Recite the Litany Against Meta-Blogging
I will not meta-blog.
Meta-blogging is the post-rotter.
Meta-blogging is the referential-humor that empties all meaning.
I will end my meta-blogging.
I will reach within myself and post original thought.
And when the post has published I will read it over and see its thought.
Where the hyperlinks would go there will be nothing.
Only my thought will remain.
So a blog I read linked to another blog, and I went there. By 'went' I mean I stayed in exactly the same physical spot, sitting in my chair, and moved the mouse so that the cursor on the screen hovered over blue-highlighted text, and then I pressed the button on top of the mouse.
Then the blue text grew bigger and bigger until it climbed out of the screen and swallowed my head, and while my head was inside the belly of the glowing blue words that spoke only of the true path, I heard a voice in my mind.
The voice was talking about blogging- with great wit- and it was going on about how it had been considering itself the pinnacle of blogging eliteness until it recently came across its old records of its first blog, and was now shamed as no disembodied voice had been shamed before.

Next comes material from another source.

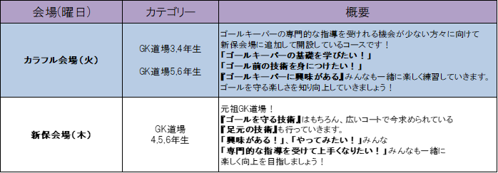 ■新保会場(木)〈GK道場(4,5,6年生)〉
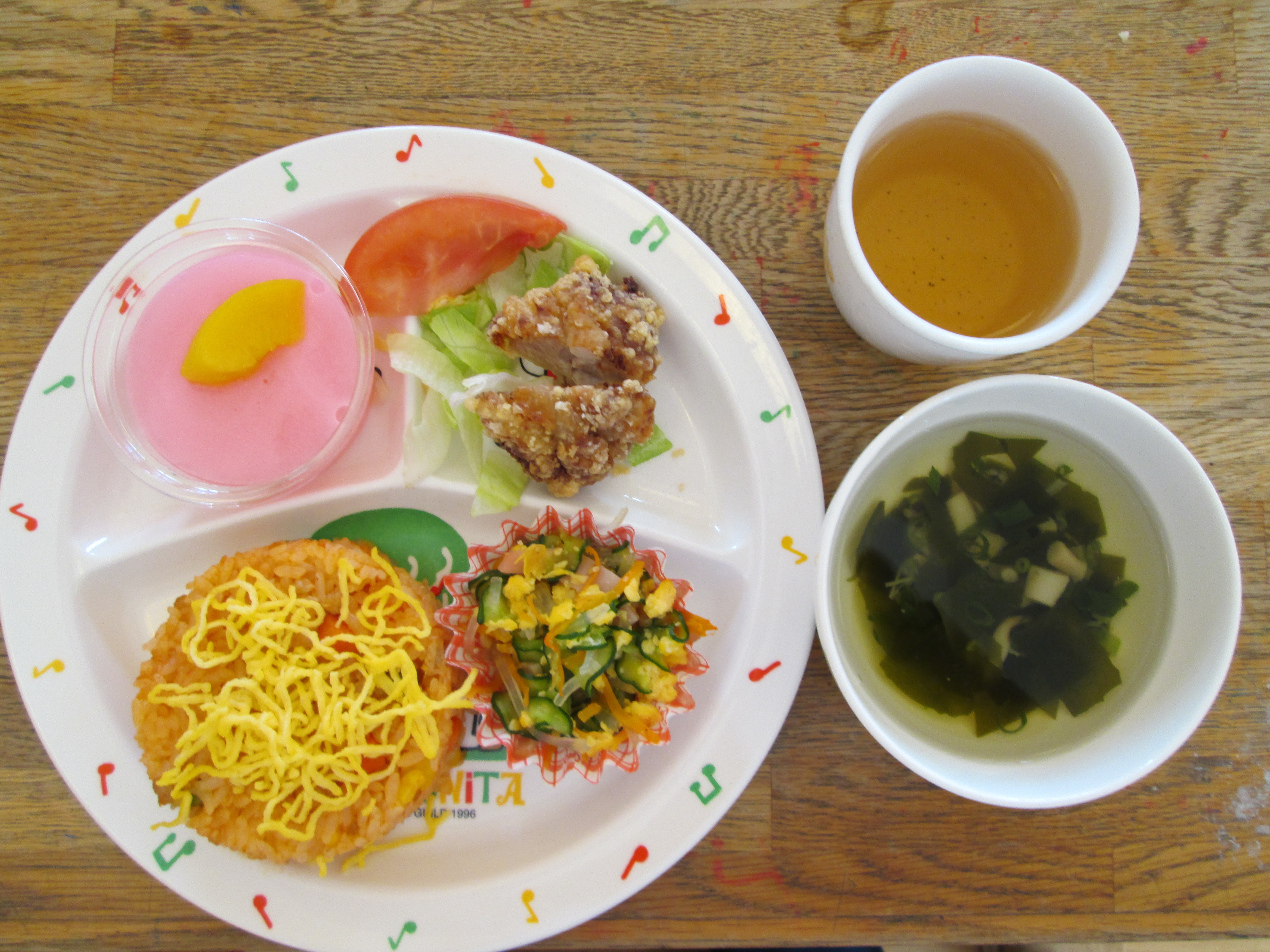 4月誕生会 4月16日(水) 4月の誕生会を行いました。 今月の誕生会メニューは、チキンライス・から揚げ・酢の物・ワカメスープ・春の香りのゼリーでした。子ども達の大好物だったので、おかわりする子ども達が沢山いましたよ。

Then it recited examples of its shame.
What terrified me about this, other than that I thought the glowing blue words' digestive juices were beginning to dissolve my brain, was that a few of the disembodied voice's examples of shamefulness were stuff I admit I might very well produce. Oh, the horror.

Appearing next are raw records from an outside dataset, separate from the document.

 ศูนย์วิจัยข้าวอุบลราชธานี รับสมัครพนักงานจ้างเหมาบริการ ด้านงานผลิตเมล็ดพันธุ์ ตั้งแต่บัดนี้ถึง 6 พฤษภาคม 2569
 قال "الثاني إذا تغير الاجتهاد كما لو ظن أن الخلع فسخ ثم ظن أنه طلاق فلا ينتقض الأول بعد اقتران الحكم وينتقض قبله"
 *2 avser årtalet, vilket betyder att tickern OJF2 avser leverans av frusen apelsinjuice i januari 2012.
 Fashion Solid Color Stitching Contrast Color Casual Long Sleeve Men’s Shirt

I have yet to actually say anything about my life. This blog is supposed to be dedicated to improving my life. So this must be remedied.

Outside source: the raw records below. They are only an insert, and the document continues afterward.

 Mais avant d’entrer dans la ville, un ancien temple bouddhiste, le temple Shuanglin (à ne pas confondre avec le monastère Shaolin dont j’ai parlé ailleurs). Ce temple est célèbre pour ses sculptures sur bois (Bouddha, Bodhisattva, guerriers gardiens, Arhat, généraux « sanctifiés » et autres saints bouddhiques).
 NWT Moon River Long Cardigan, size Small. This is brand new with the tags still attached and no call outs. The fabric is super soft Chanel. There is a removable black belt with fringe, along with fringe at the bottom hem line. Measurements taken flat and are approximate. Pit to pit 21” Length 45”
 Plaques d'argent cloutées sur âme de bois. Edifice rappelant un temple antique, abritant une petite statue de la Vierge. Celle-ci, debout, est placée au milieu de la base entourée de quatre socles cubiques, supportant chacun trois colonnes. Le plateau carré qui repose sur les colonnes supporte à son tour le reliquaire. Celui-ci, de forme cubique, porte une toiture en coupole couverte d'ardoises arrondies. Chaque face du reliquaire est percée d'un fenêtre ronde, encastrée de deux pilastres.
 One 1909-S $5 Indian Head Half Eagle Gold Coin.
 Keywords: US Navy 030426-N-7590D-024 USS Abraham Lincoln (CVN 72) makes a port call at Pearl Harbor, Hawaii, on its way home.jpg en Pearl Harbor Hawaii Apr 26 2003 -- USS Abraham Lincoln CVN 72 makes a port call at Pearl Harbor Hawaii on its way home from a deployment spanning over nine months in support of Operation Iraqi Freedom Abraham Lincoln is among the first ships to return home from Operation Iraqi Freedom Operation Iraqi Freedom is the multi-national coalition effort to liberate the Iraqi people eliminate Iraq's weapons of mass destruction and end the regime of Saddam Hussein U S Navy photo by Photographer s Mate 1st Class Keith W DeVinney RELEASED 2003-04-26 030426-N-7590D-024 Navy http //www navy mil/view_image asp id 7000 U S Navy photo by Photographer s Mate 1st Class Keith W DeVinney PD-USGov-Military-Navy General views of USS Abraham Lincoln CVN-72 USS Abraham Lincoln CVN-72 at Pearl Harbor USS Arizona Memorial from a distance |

I said I was unemployed. Well, I have a job interview tomorrow. I'm twenty-one, I have an extremely spotty work history, and I have no marketable skills; so it's with a temp agency that pays seven-fifty an hour, but I've had much worse. I'll be happy to get it, for now.
I have a spotty work history because:
1. The only thing I have resembling a marketable skill is my familiarity with personal computers- except I know next to nothing about networks and I never learned the registry when Win95 came out.
2. Twice I have passed a long period of unemployment by working for my dad. (a carpenter) Having a little work kept me just comfortable enough to keep me from looking for a real job very hard. Working for my dad is of course under the table, low paid, humiliating, and not an asset to a resume.
3. Every 'real' job I have had has ended in two months, save one. The job that lasted longer than two months was my first job, as a page (read: book shelver) in the children's department of the public library. I was never fired. Either it was a temp job or something would cause me to quit. In one case I fell down the stairs and broke my ankle; the shop I was working in didn't have worker's comp.
4. My college excursion in Texas- which I will not go into detail about here- was a disaster. It also kept me from working much that year, giving me another long, ominous 'period of unemployment'.
So now I've finished writing my post in an incredible ninety minutes, it's way too damn late at night, and I'm not going to be my best tomorrow.
But damn it, this blog is important to me! I had to make a post. I needed to calm down, give the little devils a chance to go out and run around and tire themselves out. Now, maybe I can sleep. Good night.